> **WHAT TO PRODUCE**:
For every entry below, give it back exactly and leave out any image.
WORKING DATA section start
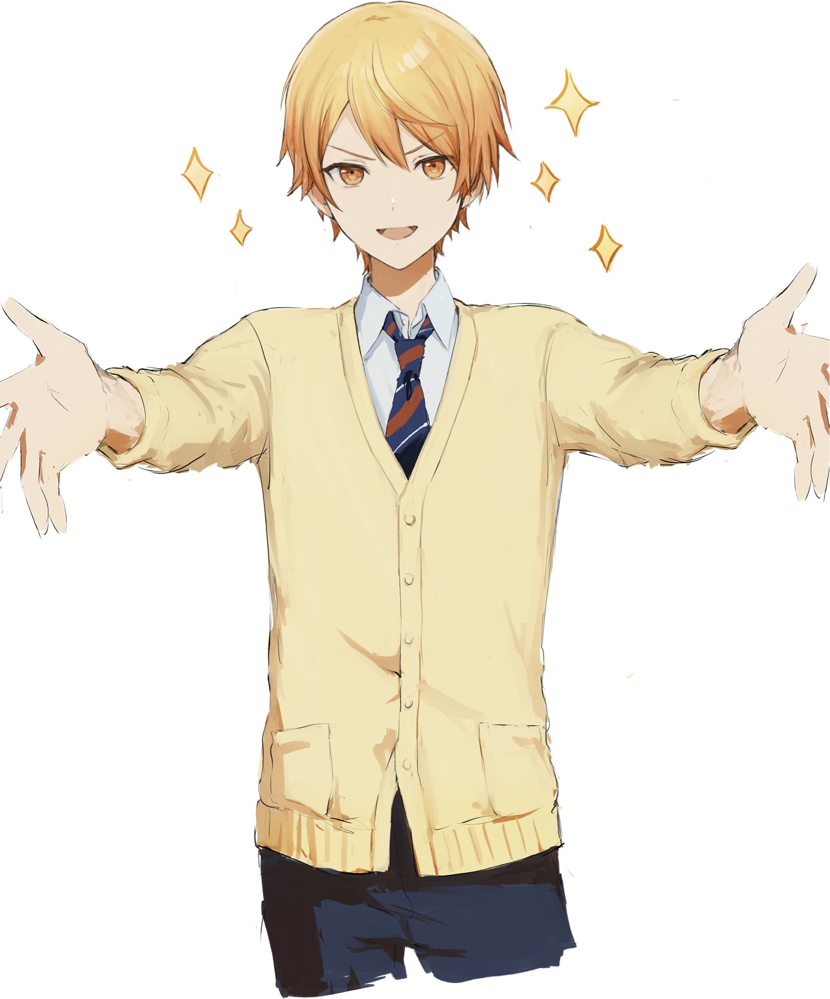 &{ID:8093841 CreatedAt:Tue Jan 03 11:16:04 -0600 2023 Score:0 Width:1702 Height:2048 MD5:c3e7c8c57eb2fb4cea9f15762e6b9d99 Directory:c3/e7 Image:c3e7c8c57eb2fb4cea9f15762e6b9d99.jpg Rating:general Source:https://twitter.com/jdiujl/status/1596832750690258945 Change:1706517643 Owner:danbooru CreatorID:6498 ParentID:0 Sample:1 PreviewHeight:350 PreviewWidth:290 Tags:1boy blonde_hair buttons cardigan collared_shirt diagonal-striped_clothes diagonal-striped_necktie gradient_hair hair_between_eyes highres jdiujl kamiyama_high_school_uniform_(project_sekai) long_sleeves looking_at_viewer multicolored_hair necktie open_mouth orange_eyes orange_hair outstretched_arms pocket project_sekai school_uniform shirt short_hair solo star_(symbol) striped_clothes striped_necktie tenma_tsukasa white_background white_shirt yellow_cardigan Title: HasNotes:false HasComments:false FileURL:https://img2.gelbooru.com/images/c3/e7/c3e7c8c57eb2fb4cea9f15762e6b9d99.jpg PreviewURL:https://gelbooru.com/thumbnails/c3/e7/thumbnail_c3e7c8c57eb2fb4cea9f15762e6b9d99.jpg SampleURL:https://img2.gelbooru.com/samples/c3/e7/sample_c3e7c8c57eb2fb4cea9f15762e6b9d99.jpg SampleHeight:1023 SampleWidth:850 Status:active PostLocked:0 HasChildren:false IsVideo:false DisplayDate:03.01.2023 11:16}
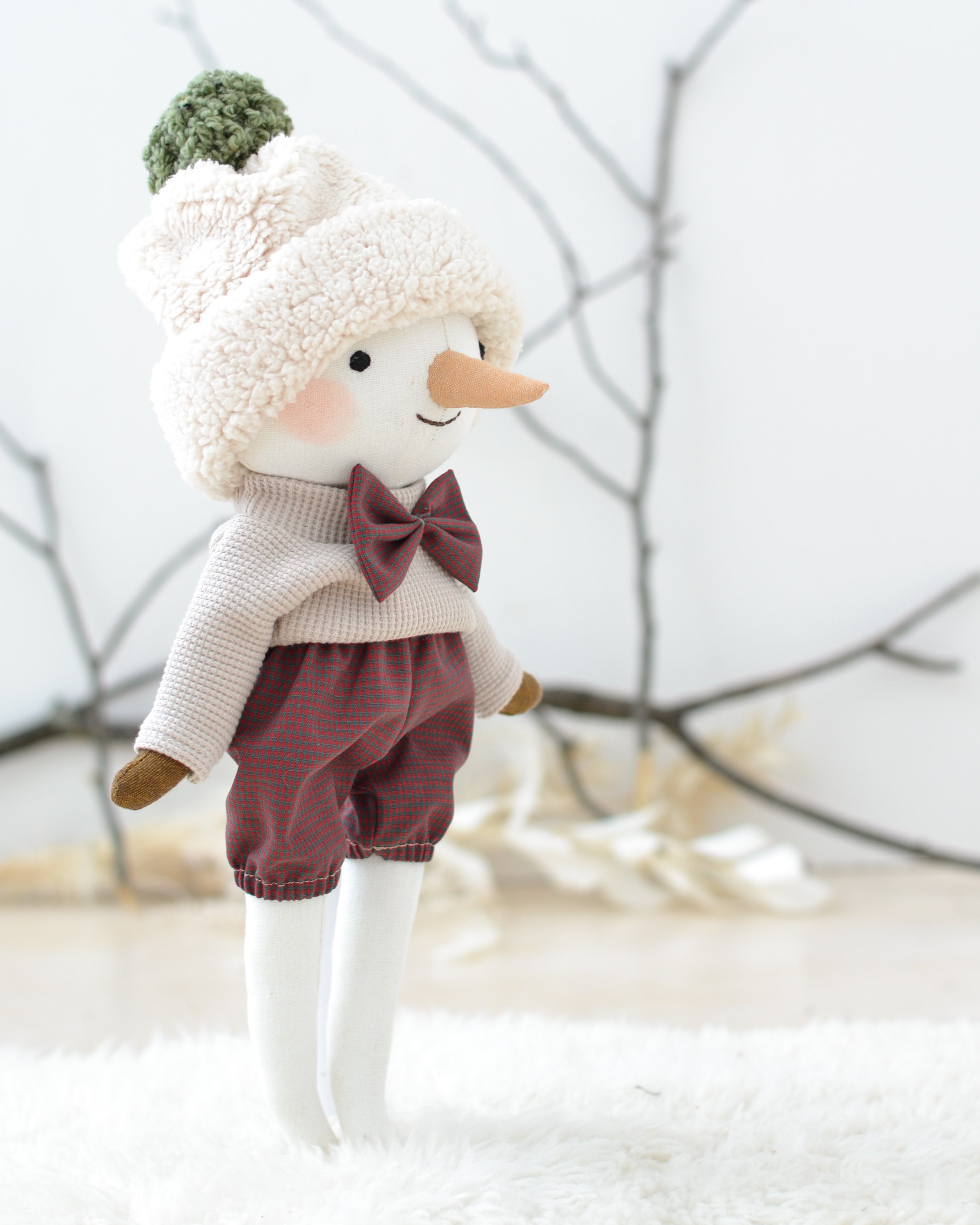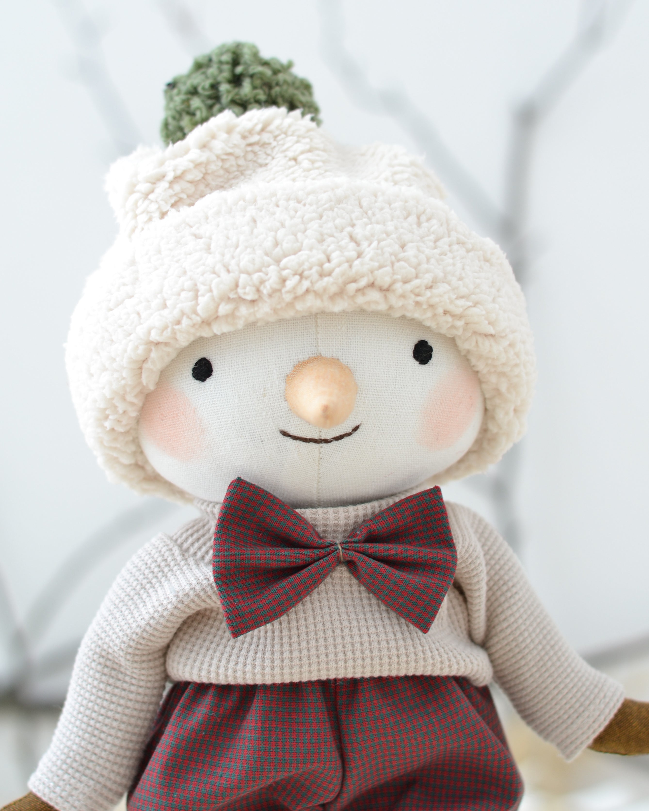 このかわいい人形は私が作成したオリジナルパターンから手作りされた唯一無二のものです。足から頭のてっぺんまで約35cm(14インチ)あります。体は高品質の綿とリネンの混紡生地で作られ、低アレルギー性のポリエステル繊維でしっかり詰められています。顔は手刺繍で、頬は手描きです。
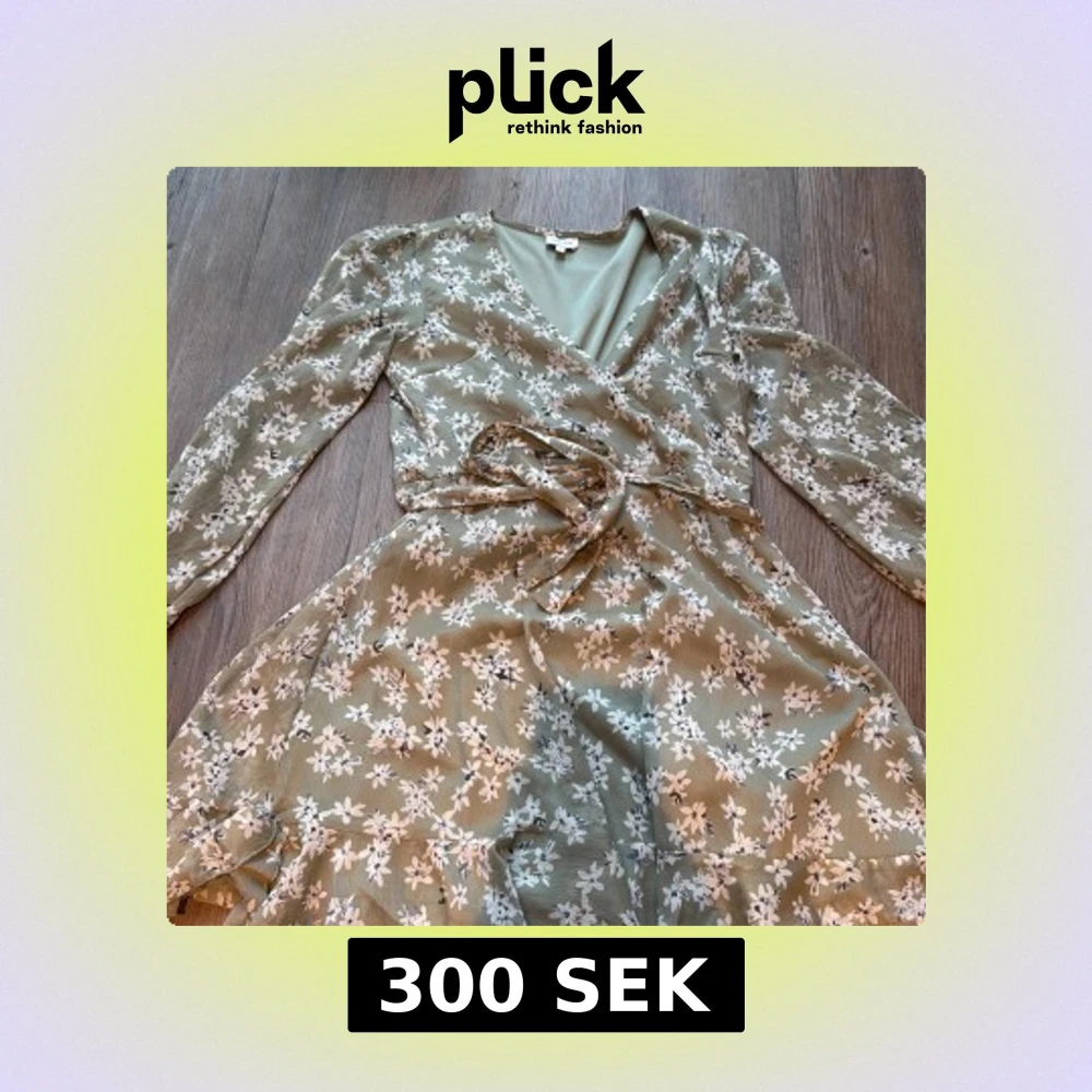 Supersöt ljusgrön omlottklänning från Bubbleroom med vita blommor, lång ärm och knytband i midjan. Klänningen har v-ringad hals och volangdetaljer längst ner. Perfekt för vår och sommar när du vill känna dig extra fin.
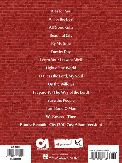 Composer: Stephen SchwartzGodspell - Revised EditionPublisher: Hal LeonardCategory: Keyboard & Piano/Vocal/GuitarSeries: Vocal SelectionsFormat: SoftcoverThis revised edition features 14 songs from Stephen Schwartz's breakthrough musical, in all-new engravings reviewed by Schwartz himself! Includes: Alas for You ·...Regular price $27.99 -
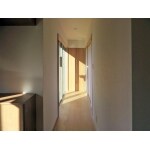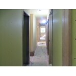 既設の中廊下の写真です。西側を見ています。トイレのドアが見えます。
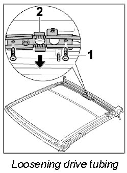 1. Unscrew fastening screws -1- on the drive tubing (metal guide tubes) -2- (-arrow-).
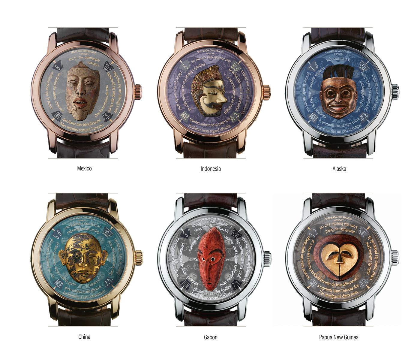 江诗丹顿(Vacheron Constantin)与巴尔比耶-穆勒博物馆(Musée Barbier-Muller)的首次合作诞生了 Les Masques 系列腕表。从 2007 年到 2009 年,在长达三年的交流过程中,江诗丹顿每年都会推出四款新的 Les Masques 系列腕表,限量发行 25 枚。总共推出了十二款卓越的腕表,上面复刻了博物馆藏品中的十二个面具,代表了不同的文明。
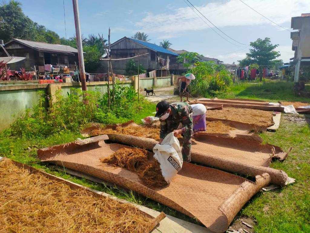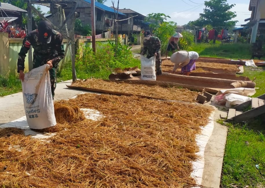 Anggota Satgas Pamtas RI-Malaysia Yonif 144/JY membantu warga Dayak iban Menjemur Padi di desa Langau Kecamatan Puring Kencana Kabupaten Kapuas Hulu Kalbar.
WORKING DATA section end
> **TASK SOLUTION**:
 &{ID:8093841 CreatedAt:Tue Jan 03 11:16:04 -0600 2023 Score:0 Width:1702 Height:2048 MD5:c3e7c8c57eb2fb4cea9f15762e6b9d99 Directory:c3/e7 Image:c3e7c8c57eb2fb4cea9f15762e6b9d99.jpg Rating:general Source:https://twitter.com/jdiujl/status/1596832750690258945 Change:1706517643 Owner:danbooru CreatorID:6498 ParentID:0 Sample:1 PreviewHeight:350 PreviewWidth:290 Tags:1boy blonde_hair buttons cardigan collared_shirt diagonal-striped_clothes diagonal-striped_necktie gradient_hair hair_between_eyes highres jdiujl kamiyama_high_school_uniform_(project_sekai) long_sleeves looking_at_viewer multicolored_hair necktie open_mouth orange_eyes orange_hair outstretched_arms pocket project_sekai school_uniform shirt short_hair solo star_(symbol) striped_clothes striped_necktie tenma_tsukasa white_background white_shirt yellow_cardigan Title: HasNotes:false HasComments:false FileURL:https://img2.gelbooru.com/images/c3/e7/c3e7c8c57eb2fb4cea9f15762e6b9d99.jpg PreviewURL:https://gelbooru.com/thumbnails/c3/e7/thumbnail_c3e7c8c57eb2fb4cea9f15762e6b9d99.jpg SampleURL:https://img2.gelbooru.com/samples/c3/e7/sample_c3e7c8c57eb2fb4cea9f15762e6b9d99.jpg SampleHeight:1023 SampleWidth:850 Status:active PostLocked:0 HasChildren:false IsVideo:false DisplayDate:03.01.2023 11:16}
 このかわいい人形は私が作成したオリジナルパターンから手作りされた唯一無二のものです。足から頭のてっぺんまで約35cm(14インチ)あります。体は高品質の綿とリネンの混紡生地で作られ、低アレルギー性のポリエステル繊維でしっかり詰められています。顔は手刺繍で、頬は手描きです。
 Supersöt ljusgrön omlottklänning från Bubbleroom med vita blommor, lång ärm och knytband i midjan. Klänningen har v-ringad hals och volangdetaljer längst ner. Perfekt för vår och sommar när du vill känna dig extra fin.
 Composer: Stephen SchwartzGodspell - Revised EditionPublisher: Hal LeonardCategory: Keyboard & Piano/Vocal/GuitarSeries: Vocal SelectionsFormat: SoftcoverThis revised edition features 14 songs from Stephen Schwartz's breakthrough musical, in all-new engravings reviewed by Schwartz himself! Includes: Alas for You ·...Regular price $27.99 -
 既設の中廊下の写真です。西側を見ています。トイレのドアが見えます。
 1. Unscrew fastening screws -1- on the drive tubing (metal guide tubes) -2- (-arrow-).
 江诗丹顿(Vacheron Constantin)与巴尔比耶-穆勒博物馆(Musée Barbier-Muller)的首次合作诞生了 Les Masques 系列腕表。从 2007 年到 2009 年,在长达三年的交流过程中,江诗丹顿每年都会推出四款新的 Les Masques 系列腕表,限量发行 25 枚。总共推出了十二款卓越的腕表,上面复刻了博物馆藏品中的十二个面具,代表了不同的文明。
 Anggota Satgas Pamtas RI-Malaysia Yonif 144/JY membantu warga Dayak iban Menjemur Padi di desa Langau Kecamatan Puring Kencana Kabupaten Kapuas Hulu Kalbar.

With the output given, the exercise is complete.